Description of the task: Everything in the listing except the pictures should be written out exactly.

Available data:
--------------------------------------------------

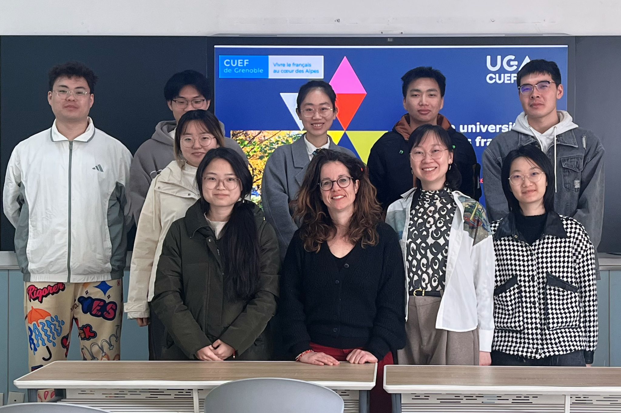当日上午,Montagnon女士与公司法语系师生进行面对面交流。她以生动的资料展示了格勒诺布尔-阿尔卑斯大学的学习生活场景,并重点介绍了该校优势学科及国际交流项目可选课程,包括语言学、信息传播学等方向。
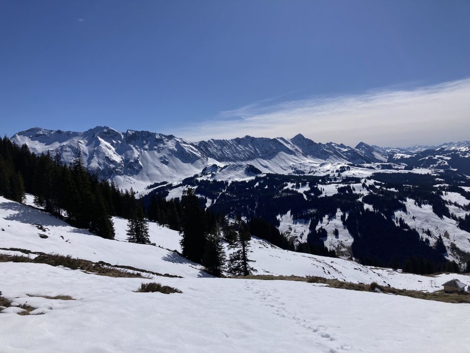 südseitiger Anstieg mit minimalstem Schneekontakt. Erste Krokusse und Enziane gesichtet. Im Abstieg zum Mittlistgfäl hats noch ordentlich Schnee, ist jetzt gespurt und gut machbar.
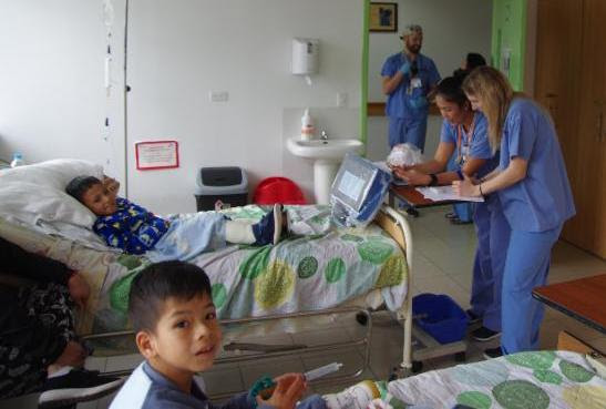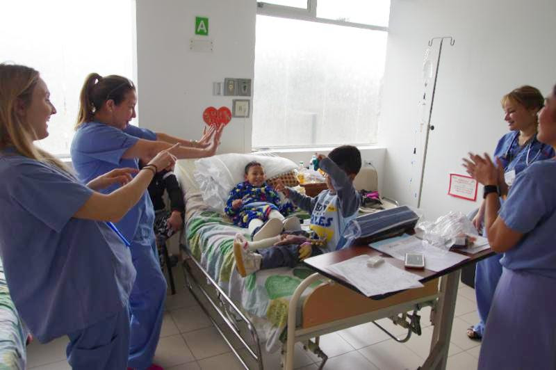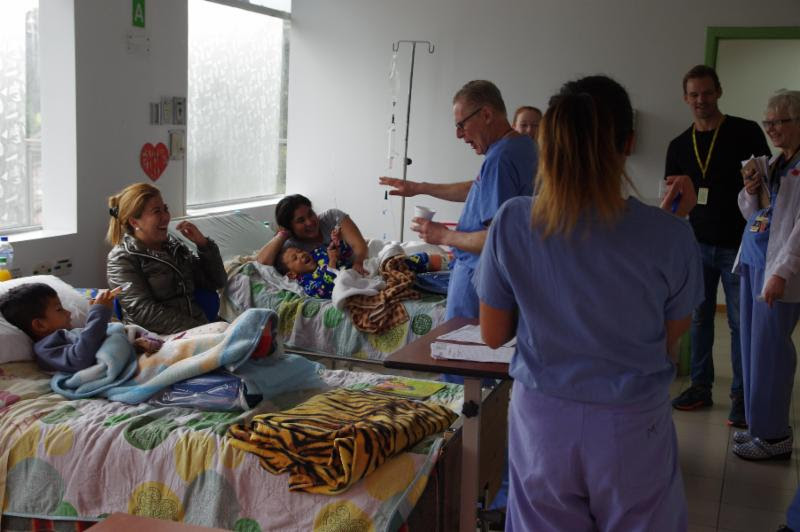 With help from the ward nurses, Christian Baez (6 years old) and Ivan Mendosa (7.5 years old), set up an ambush for Dr. Don Dick (Pediatric Orthopedic Surgeon. The boys both had surgery yesterday but were active and full of energy this morning. When Dr. Dick arrived to do rounds on the boys, they gave him both barrels from syringes they used as water pistols.

--------------------------------------------------

Worked solution:
当日上午,Montagnon女士与公司法语系师生进行面对面交流。她以生动的资料展示了格勒诺布尔-阿尔卑斯大学的学习生活场景,并重点介绍了该校优势学科及国际交流项目可选课程,包括语言学、信息传播学等方向。
 südseitiger Anstieg mit minimalstem Schneekontakt. Erste Krokusse und Enziane gesichtet. Im Abstieg zum Mittlistgfäl hats noch ordentlich Schnee, ist jetzt gespurt und gut machbar.
 With help from the ward nurses, Christian Baez (6 years old) and Ivan Mendosa (7.5 years old), set up an ambush for Dr. Don Dick (Pediatric Orthopedic Surgeon. The boys both had surgery yesterday but were active and full of energy this morning. When Dr. Dick arrived to do rounds on the boys, they gave him both barrels from syringes they used as water pistols.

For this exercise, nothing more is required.